Abstract

Under growing concerns of their possible adverse effects on ecosystems, natural steroidal sex hormones, originating from liquid swine manure, have been detected at trace concentrations in a number of natural environments. Various studies have highlighted biochar’s potential in adsorbing such hormones, given its structural and physiochemical properties. The remaining hormone adsorption capacity of a 1% slow pyrolysis biochar topsoil amendment was tested after one year of its application to a sandy soil, housed in outdoor lysimeters irrigated with simulated rainfall. The fate and transport of estrogens, over a 46-day period following the incorporation of liquid swine manure (4 g N/L @ 16 L/m2) into the topsoil, was monitored in biochar-amended and non-amended lysimeters.

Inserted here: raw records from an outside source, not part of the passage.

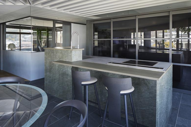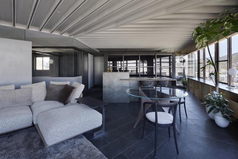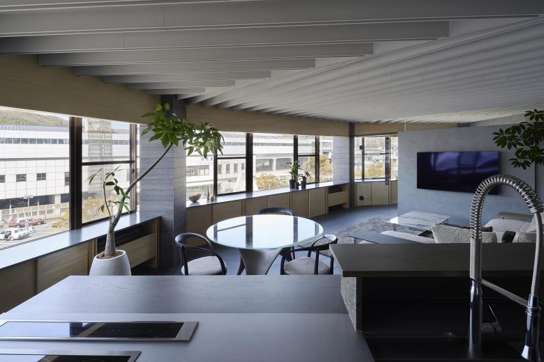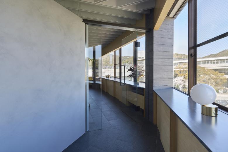 Onomichi is associated with a seaside townscape, but the site is located on the inland side of the city. Although the building was intended as a building, the top floor was originally planned as a residence, and was renovated to suit the lifestyle of the new residents. The building has a fan-shaped exterior that matches the shape of the site, and is characterized by a series of panoramic openings, and we aimed to create a space that maximizes the enjoyment of this expanse. The composition of the building is as follows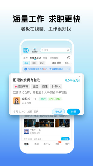 吉工家,专业的找工作、求职、招聘软件。求职者与招聘者精准匹配,高速查看。手机找工作上吉工家,求职方便,靠谱工作随薪挑! —— 产品特色 —— 【职位更精准】 为了更好地匹配求职者的职业期待,我们建立了岗位智能推荐策略。智能算法、优先推荐给你离家近的同城招聘信息,职位经过严格审核。 【职位更全面】 多职位随心挑,您身边的快捷招聘求职网。提供餐饮、零售、物流、运输、工厂、制造、销售、市场、运营、客服、人事、财务、行政、房产、建筑、AI互联网、电子、通讯、教培、金融、新能源、酒旅、广告、生活服务、兼职、日结等等行业的海量信息。 【求职更方便】 包吃、包住、包底薪、五险一金、全勤奖、双休、交通补贴、话费补贴......这些福利还没入职你就知道! 【求职更高效】 与老板在线沟通,随时随地,直接开聊,聊爽就约,拍板快,入职快,当天即可上岗。 【求职更安全】 信息审核团队为您的求职安全保驾护航,信息审核严,虚假零容忍。招聘企业严格审核,让求职更安全。 【招人快准省】 岗位免费发布试用,招人真的快,轻松找到优质牛人!快速直接沟通牛人!智能算法匹配求职者和岗位,招的放心,找的快捷! ——
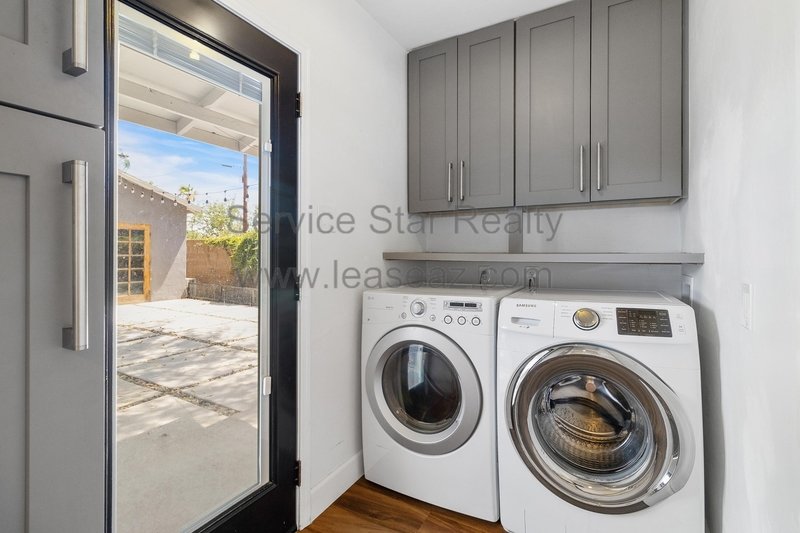 Just beyond the kitchen is a laundry room / mud room that connects to the rear yard.

While in the first year of biochar application, a significant spatial-temporal stratification of steroidal sex hormones had been observed in the biochar-amended soil (vs. non-amended soil), in the second year biochar absorbed hormones to a considerably lesser degree. Concurring with the findings of laboratory batch adsorption experiments on fresh and used biochar, the present study showed that 1% slow pyrolysis biochar`s capacity to absorb sex hormones (estrogens) released from liquid swine manure in sandy soil decreases during second year. This is presumably the freezing and thawing weather conditions of experimental site that resulted in biochar surface degradation leading to the release of soluble organic carbon, thereby facilitating a heightened mobility of hormones and their resultant leaching to lower depths in the soil profile.